Poulin, who scored the game-winning goal in both the gold medal finals at the 2010 and 2014 Olympics, has captained the national team since the 2015 IIHF Women’s World Championship. She has captained the team through several international tournaments since the last Olympics as the torch was passed to her from Caroline Ouellette, who retired from international play along with Gillian Apps, Jayne Hefford and Hayley Wickenheiser.
“Just having that group of veterans that have been around the past couple of years is quite awesome. I think we have built as a team and having the young faces coming up is quite exciting … for us as veterans now, we take that role very seriously. I have been so lucky throughout the past couple of years of having great role models. We all looked up to them and having those shoes to fill is quite the honour.
We take pride in that,” said Poulin.
The golden goal scorer at the past two Olympics, Poulin has notched eight goals and 12 points in her 10-game Olympic career. She along with teammates Rebecca Johnston (Sudbury, Ont./Calgary, CWHL) and Wickenheiser led the team in scoring at the 2014 Games with five points apiece. In the recent exhibition series against the U.S., Poulin and Agosta led the team with five points each.
Among the returning players are Agosta, Mélodie Daoust (Valleyfield, Que./McGill University), Haley Irwin (Thunder Bay, Ont./Calgary, CWHL), Jenner, Johnston, Poulin, Natalie Spooner (Scarborough, Ont./Toronto, CWHL) and Jennifer Wakefield (Pickering, Ont./Linkoping, Sweden).
Canada will have a slightly different look on defence as they head into PyeongChang.
Tara Watchorn and Catherine Ward announced their retirement from the national program, giving space for Brigette Lacquette (Mallard, Man./Calgary, CWHL) and Renata Fast (Burlington, Ont./Toronto, CWHL). Centralization was a reunion for Lacquette and returnee Jocelyne Larocque (Ste. Anne, Man./CWHL).

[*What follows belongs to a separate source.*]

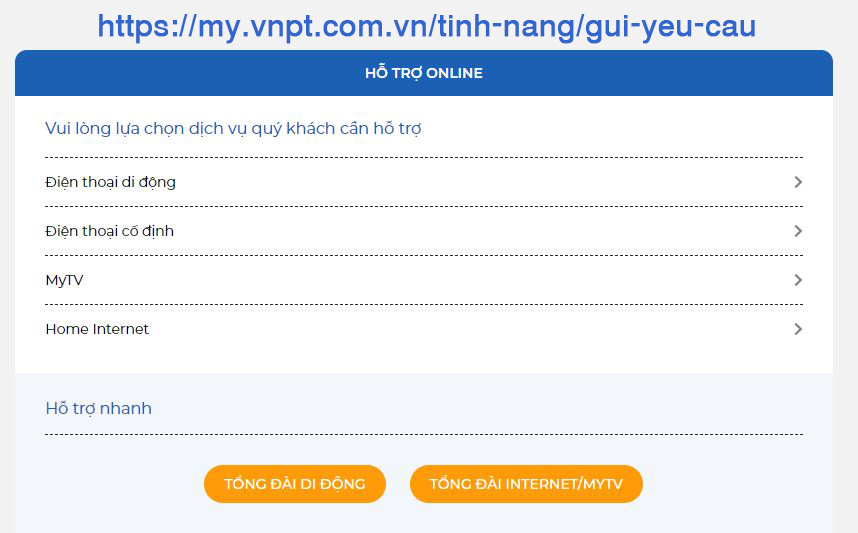 Bước 1: Truy cập Website My VNPT với tính năng Hỗ trợ online tại địa chỉ: https://my.vnpt.com.vn/tinh-nang/gui-yeu-cau
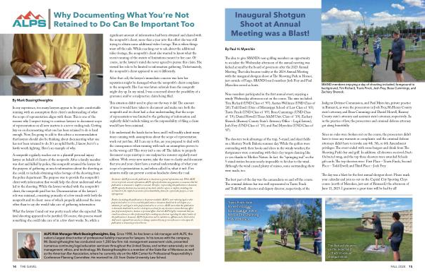 The idea to give SBAND ’ s non-golfing members an opportunity to socialize the Wednesday afternoon of the annual meeting was kicked around by the board of governors after the 2023 Annual Meeting . That idea became reality at the 2024 Annual Meeting with the inaugural shotgun shoot at The Shooting Park in Horace , just outside of Fargo . SBAND board members Josh Frey and Paul Myerchin served as hosts .

“They have tremendous chemistry, having played college hockey together. I think they will really balance each other out,” said coach Schuler of the pair. “Brigette really brings an offensive flair to her game. She really likes to shoot the puck and she has tremendous vision. Whereas Larocque is such a sturdy defenceman for us, nobody gets by her. She is tough in the corners, she is hard to battle against and she is a tremendous, tremendous penalty killer for us. The two of them absolutely compliment each other and I think we are just so fortunate to have them be a part of our program.”

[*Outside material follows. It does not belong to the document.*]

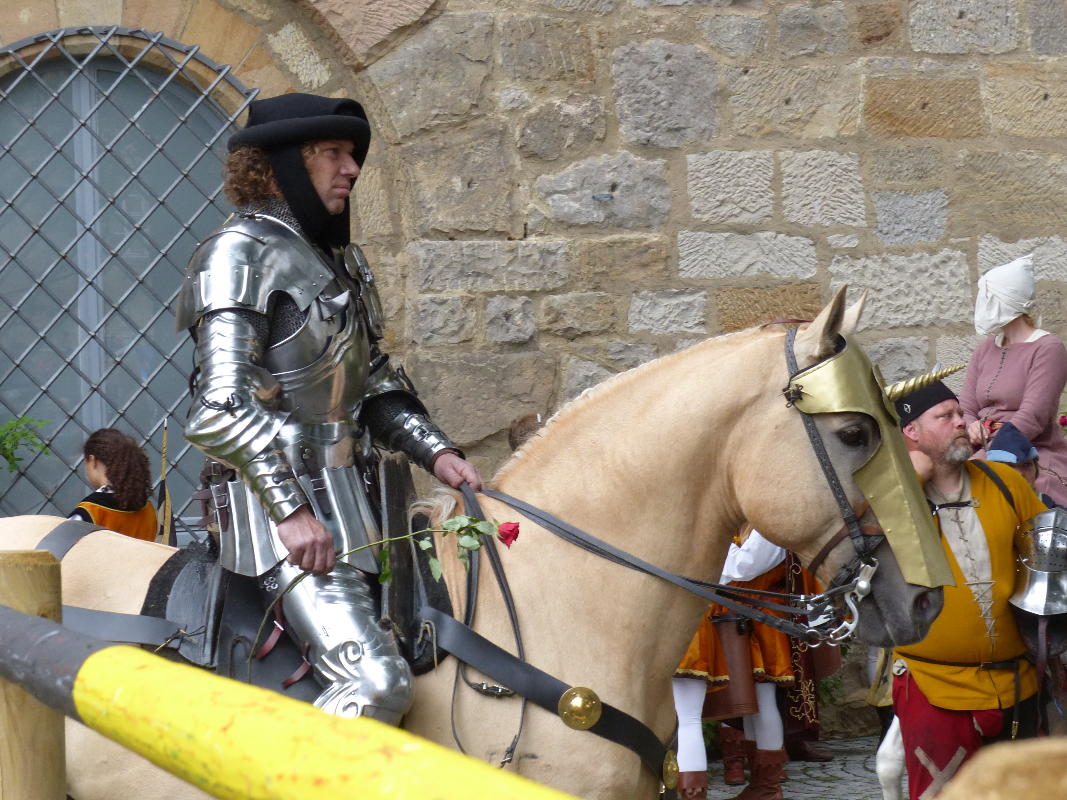 Die edlen Ritter und ihre Damen speisen natürlich hochherrschaftlich an einer eigenen Tafel. Das Rittermahl wird von "Geschichtsfenster" ausgerichtet und hält sich streng an bildliche Quellen.

Also returning are Lauriane Rougeau (Beaconsfield, Que./Montreal, CWHL), Laura Fortino (Hamilton, Ont./CWHL) and Mikkelson.

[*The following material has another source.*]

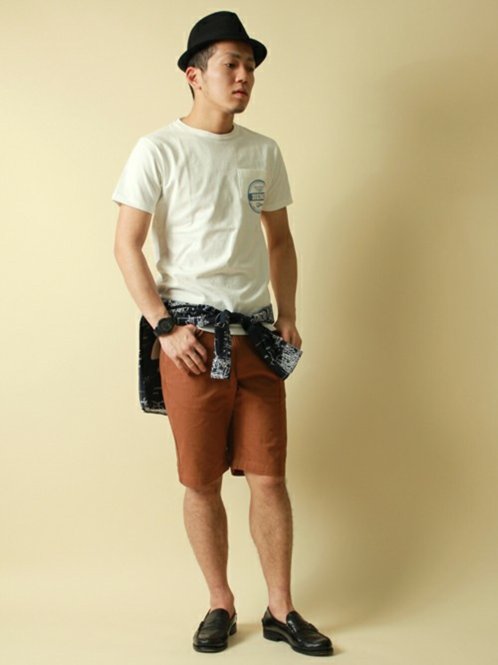 Tシャツ×ボトムスにシンプルコーデに腰巻をプラスしたスタイル。 ちょっとそこまでお出かけ・・・そんなときにマストなコーデです!

Expect Fortino and Larocque to continue to log big minutes for Canada at the Olympics. While Ward held down the most minutes at the last Games (121:14), Fortino was a close second with 113:39 minutes logged, followed by Larocque at 107:16.
Shannon Szabados (Edmonton, Alta./Hockey Canada) has helped Canada win the past two Olympic gold medals and there is no reason to believe she won’t be called upon as the number one goalie in PyeongChang.
Riding right next to her again will be Geneviève Lacasse (Kingston, Ont./Calgary, CWHL), who is a returnee to the national team for the Olympics (however she did not see any action in Sochi).
Canada had to make extremely tough decisions when it came to choosing the three goalies they would take with them. With college standout and 2017 Patty Kazmaier winner Ann-Renée Desbiens (La Malbaie, Que./University of Wisconsin, WCHA) on the rise, she beat out a prominent contender for Canadian Olympic roster in Emerance Maschmeyer.